La creazione di maggiori occasioni di interazione facilita la coesione sociale agendo sulla qualità della
vita e sulle relazioni sociali, agendo come catalizzatore per gli attori tipici dei voids urbani quali
giovani, artisti ed emarginati sociali (Colomb, 2012).
3) Cambia relazioni di potere: maggiore inclusione e giustizia nei processi decisionali
Pop Hub in primo luogo tramite la mappatura cerca di rendere pubbliche tutte quelle informazioni
riguardanti gli edifici pubblici e privati in disuso, qualora non lo fossero, contribuendo alla diffusione
della trasparenza amministrativa e rendendoli accessibili a tutti i potenziali attivatori. Il suo obiettivo
è inoltre far emergere le voci di gruppi e di progetti già presenti sul territorio, anziché stabilire un
approccio chiuso o verticale più tipico delle amministrazioni pubbliche, e creando una rete tra
associazioni e amministrazioni sensibili al tema del riuso sta contribuendo al raggiungimento di una
normativa comune che possa rispondere alle diverse esigenze.

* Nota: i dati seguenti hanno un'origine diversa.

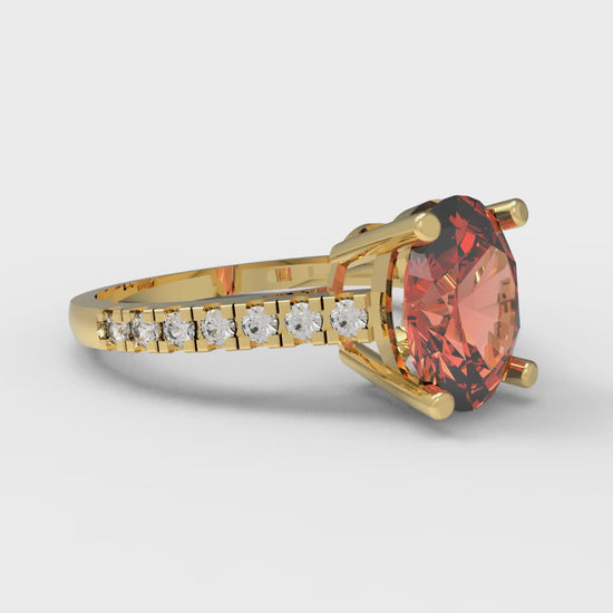 2.21 cttw Zirconia Simulated Red Diamond Solitaire with Zirconia Simulated Diamond Accents Engagement Ring - Solid Gold (VVS1, Oval Cut,9X7mm)

Tra i tipi di innovazione sociale proposti da Pestoff (1998), Pop Hub si inserisce certamente nella terza
categoria: terzo settore in relazione stabile con le amministrazioni, orientato alla produzione di beni e servizi
pubblici, favorendo la transizione da “welfare state” a “welfare society”. È un’iniziativa che solleva infatti i
dilemmi relativi a governance, responsabilità, qualità ed efficienza dei servizi pubblici e privati (2002),
sottolineando come la dimensione territoriale e la distribuzione disomogenea del terzo settore e della
propensione imprenditoriale hanno grande influenza su qualità ed efficienza (vedi la scelta dei casi estremi
di Emilia Romagna e Basilicata).
In conclusione, l’osservazione da vicino di un’esperienza esemplare di innovazione sociale come Pop Hub
deve fungere da esempio per ricordare che un nuovo modo di fare imprenditorialità, giovane, potente e
ispirato a valori sociali e al recupero della qualità delle relazioni, è possibile e soprattutto è alla portata di tutti.
È possibile innescare nuove occasioni di sviluppo culturale e imprenditoriale locale, proponendo modelli di
gestione alternativi a quelli delle logiche di mercato, per fare in modo che la città e i suoi cittadini si
riapproprino dei loro spazi affidandoli alle idee e alla progettualità dei giovani e facendo spazio a un futuro in
cui la collaborazione, il riuso, la creatività siano parte integrante della vita urbana.